Bien que l’autonomie soit perçue comme un des bénéfices liés à ce statut, la réalité est souvent toute autre, les cadres ayant généralement très peu de marges de manœuvre en raison que ce rôle est lui-même extrêmement encadré (Mispelblom Beyer, 2006). Que ce soit au niveau des lois du travail et des conventions collectives, des lois et des règlementations publiques touchant leur secteur spécifique d’activité, des politiques, des règles de fonctionnement et des procédures à l’interne, les cadres doivent exercer leurs fonctions en tenant compte de toutes ces limites, ce qui réduit leur autonomie décisionnelle.
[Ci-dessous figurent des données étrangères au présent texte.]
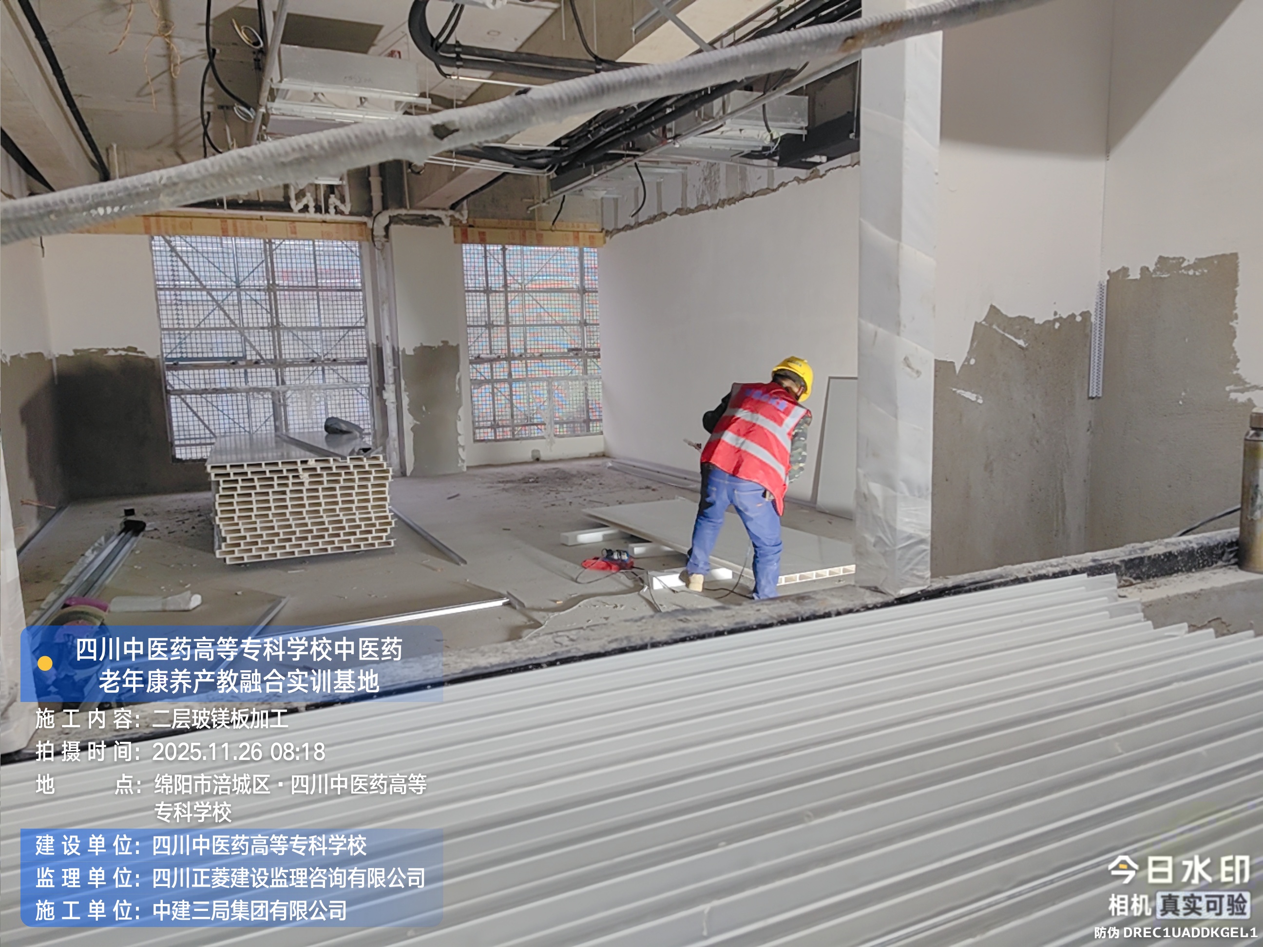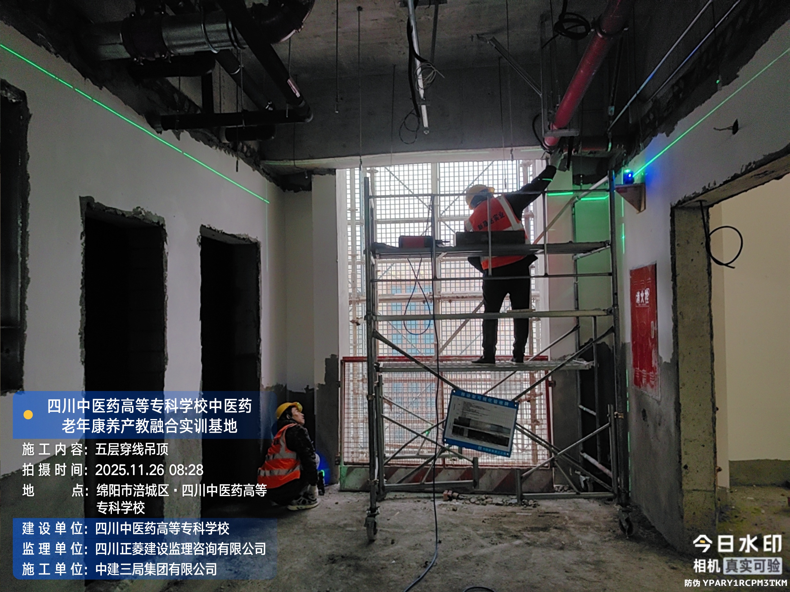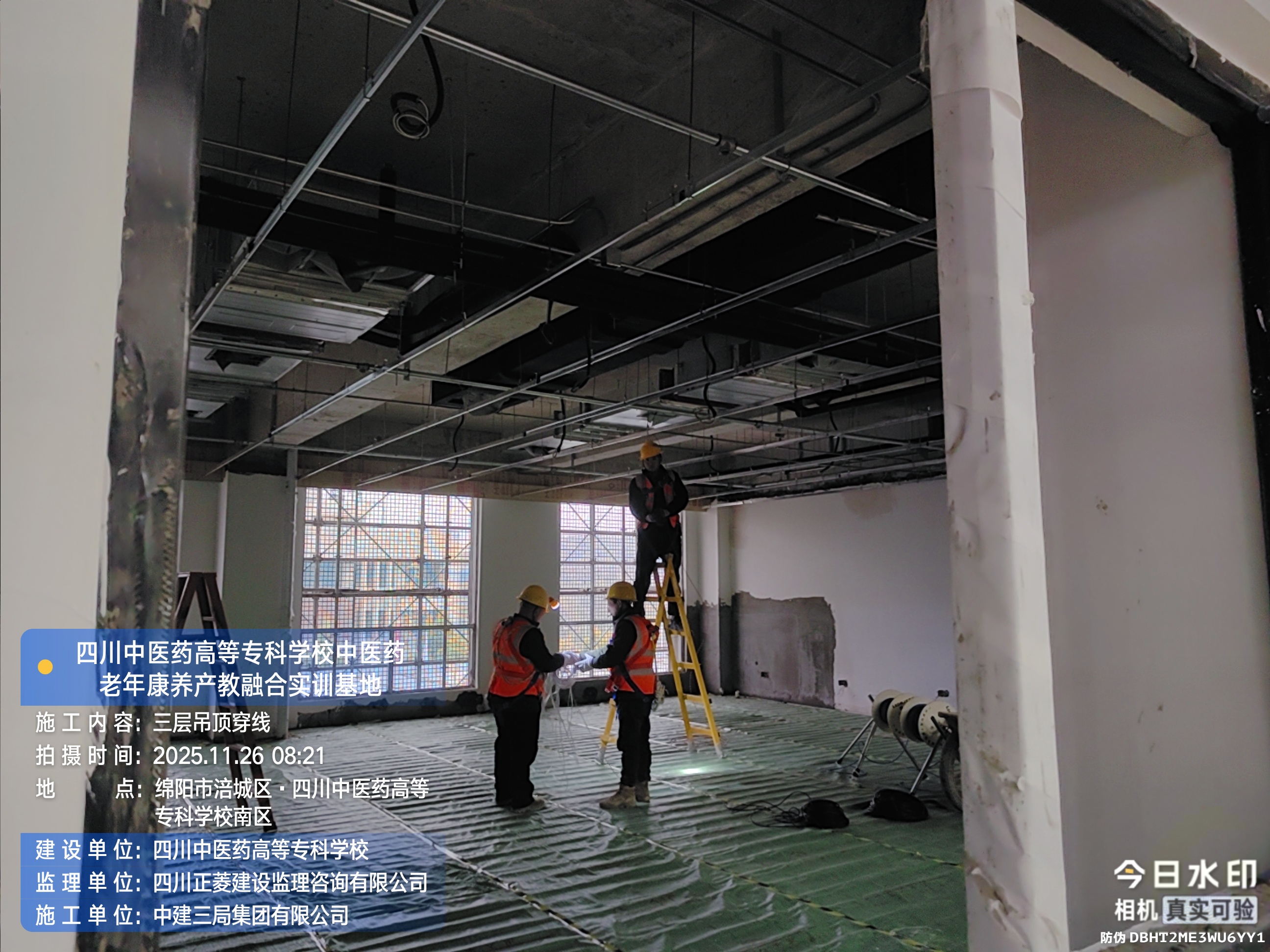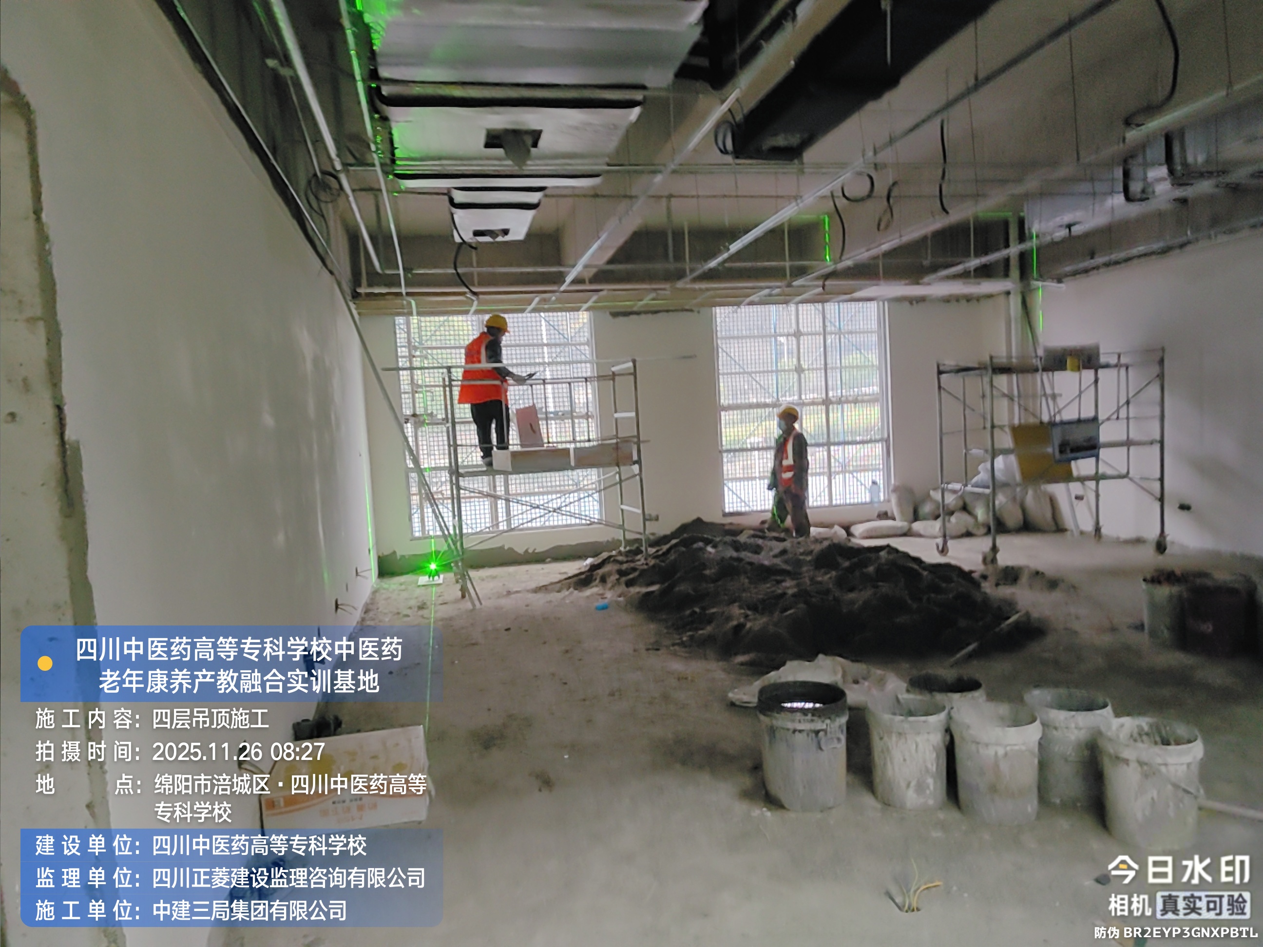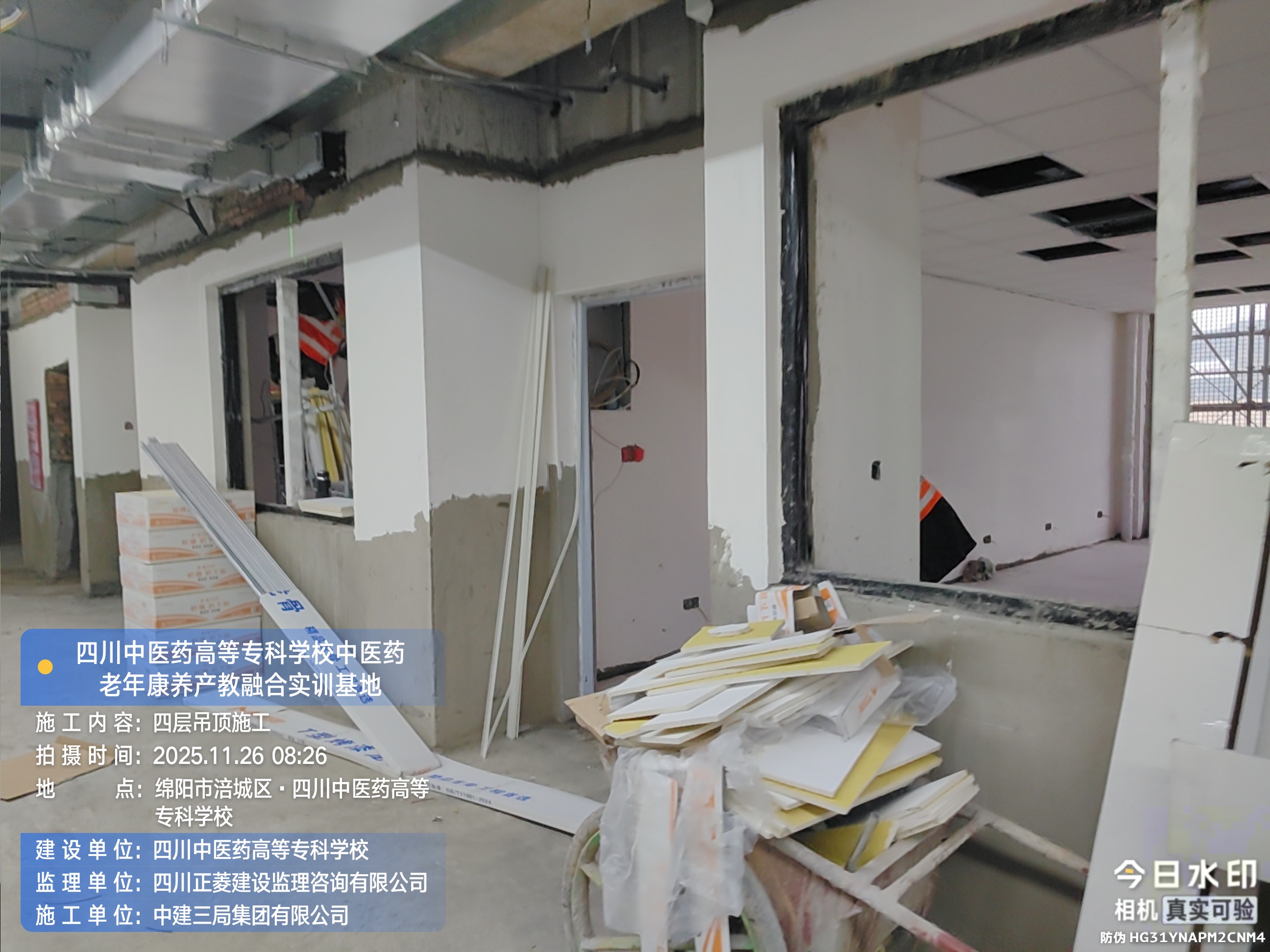 四层进行吊顶施工;

Une autre difficulté vécue par les cadres se rapporte aux décisions éthiques qu’ils doivent prendre concernant les personnes qu’ils encadrent (Carballeda et Garrigou, 2001; Mispelblom Beyer, 2006). En fait, les situations à caractère moral occupent une part importante du travail des cadres (Jackall, 1988; Muller, 1996; Wolf Ridgway, 2010). Selon Gaignard (2001), les cadres sont particulièrement enclins à vivre des conflits éthiques puisqu’ils doivent incarner l’organisation. Ces conflits éthiques surviennent notamment lorsqu’il y a une tension entre les convictions personnelles du cadre et ce que l’organisation exige qu’il fasse. De Geuser et Fiol (2004) affirment que les cadres se retrouvent fréquemment dans des situations ingérables dont ils ont l’obligation de savoir les gérer. Ce qui accentue ce problème, c’est qu’ils ont de plus en plus à répondre à des demandes contradictoires, en raison de nombreux paradoxes auxquels ils se heurtent dans l’organisation (Péretsz, Bouilloud et de Gaulejac, 2011). De plus, les nouvelles formes d’organisation du travail accroissent le nombre de situations dans lesquelles les cadres

25 rencontrent des enjeux éthiques : licenciements, précarisation du lien d’emploi, sous-

traitance, intensification et flexibilisation du travail, en sont des exemples. Selon Mispelblom Beyer (2006), les cadres ont une conscience professionnelle, à laquelle s’ajoutent des principes moraux personnels qui les amènent à se demander : est-ce que je pourrai encore me regarder dans le miroir? Est-ce que je pourrai regarder mes enfants en face après avoir posé une telle action? En effet, les cadres sont régulièrement aux prises avec des situations qui soulèvent ce type de questions morales, notamment lorsque les actions sont demandées de la part de leurs supérieurs. Toutefois, on dénote une absence de délibération sur les questions d’ordre moral, ce qui a pour conséquences de laisser les cadres intermédiaires se débrouiller seuls avec ces dimensions, pour lesquelles la prise de décision est difficile (Carballeda et Garrigou, 2001).